Many have noticed the expanding world of 3D printing, but most don’t recognize the possibilities. The University of Maine has 3D printed a 25-foot boat. It weighs 2.2 tonnes.

Not everything 3D printed must be plastic. Sintering has been a known technology for centuries. Laser-powered additive metal printing is not so different. Better and cheaper ways will appear as time passes, and parts will be more readily available. As manufacturing returns to North America, the cost of machinery and space will be offset in part by the new technology. If you are going to build a factory, you don’t use 10-year-old technology. Would it be exciting if the businesses returning from China were the technology leaders and China used obsolete methods?

Where it will happen first.

Short production runs. When people think of manufacturing they usually think of the auto industry. Millions of identical parts created and stored seem like a step best served with conventional methods. What about parts for 80-year-old large electric motors. Making them conventionally one at a time is too costly. Suppose you could just toss a set of instructions into a 3D metal printer and fetch the part you need an hour later? If you had the choice of printers near you, shipping would be a minor problem too.

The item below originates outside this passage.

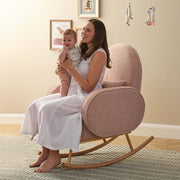 Relax in style with the Buddy 2-in-1 Rocking Chair, crafted from soft blush coloured boucle fabric for ultimate comfort. With curved edges, ergonomic support, and a matching lumbar cushion, it’s perfect for nurseries, bedrooms or the lounge. Easily convert it to a chic armchair with the extra legs included – style and practicality in one!

Prototype parts. New devices you want to build are expensive to push to the proof of concept stage. You can make them in rough but not inexpensively. Building tooling for long production runs is costly, and you must be sure it will fit and work reliably. 3D printing can reduce the costs enough to be able to experiment as you design.

HIgh precision parts.

People have solved the problem of eyeglass lenses and contact lenses, but what about a new knee joint. If a 3D printer can build one to a fraction of a millimetre tolerance, would that help?

In a more mundane form, you have a broken leg. How about a strong, light cast made to your exact dimensions? These exist now.

Hobbyists

Innovation is usually more closely related to quantity than quality. When the printers become cheap enough, there will be thousands of amateurs experimenting. Most will do little more than build combs, but that’s okay. Distributed use quickly finds new ways to do old things.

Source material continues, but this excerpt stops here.